INFORMATION PROVIDED:
▼▼▼

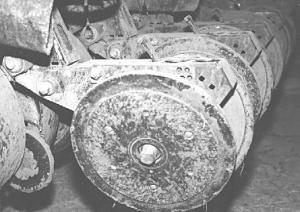 To plant corn in 30-in. rows, Conrad replaced one of the rubber tires on each pair of closing disks with an iron ring. The 3/4-in. wide rings are 1 1/2-in. larger in dia. than the original rubber tire so they run 3/4-in. deeper.
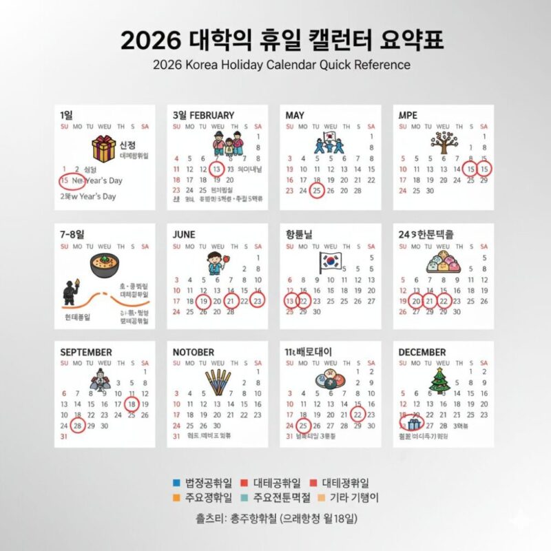 最後に、2026年の韓国祝日を一目で確認できる早見表を用意しました。旅行やイベント計画の参考にどうぞ
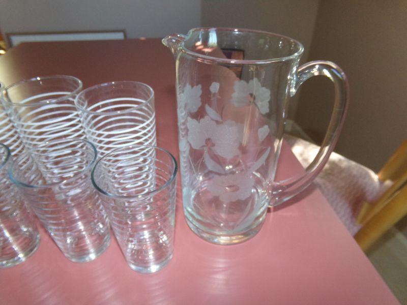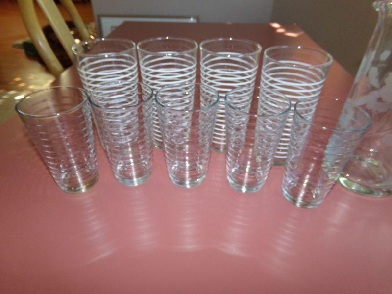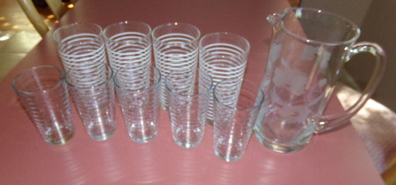 ETCHED GLASS WATER PITCHER, 4 STRIPED TUMBLERS AND 5 RINGED TUMBLERS
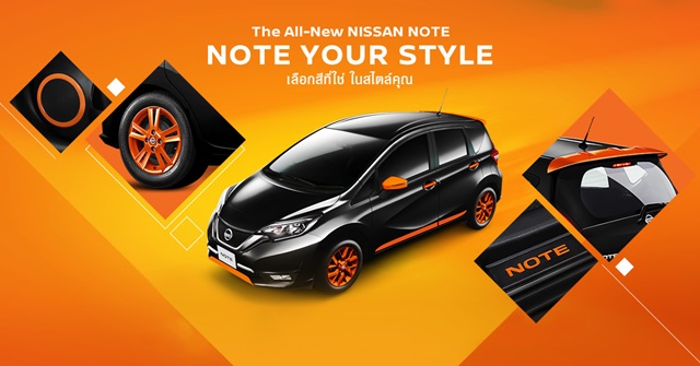 - ผู้สนใจสามารถทดลองตกแต่งในโปรแกรมเสมือนจริงผ่านเว็บไซต์ "NISSAN NOTE PERSONALIZATION**" ซึ่งเมื่อทดลองตกแต่งแล้ว ยังสามารถแชร์ให้เพื่อนๆ ได้ชมสไตล์การตกแต่งของแต่ละคนผ่านช่องทางของโซเชียลมีเดียอีกด้วย

▲▲▲

WHAT TO PRODUCE:
Retype the listing exactly. Skip every picture.

YOUR RESPONSE:
 To plant corn in 30-in. rows, Conrad replaced one of the rubber tires on each pair of closing disks with an iron ring. The 3/4-in. wide rings are 1 1/2-in. larger in dia. than the original rubber tire so they run 3/4-in. deeper.
 最後に、2026年の韓国祝日を一目で確認できる早見表を用意しました。旅行やイベント計画の参考にどうぞ
 ETCHED GLASS WATER PITCHER, 4 STRIPED TUMBLERS AND 5 RINGED TUMBLERS
 - ผู้สนใจสามารถทดลองตกแต่งในโปรแกรมเสมือนจริงผ่านเว็บไซต์ "NISSAN NOTE PERSONALIZATION**" ซึ่งเมื่อทดลองตกแต่งแล้ว ยังสามารถแชร์ให้เพื่อนๆ ได้ชมสไตล์การตกแต่งของแต่ละคนผ่านช่องทางของโซเชียลมีเดียอีกด้วย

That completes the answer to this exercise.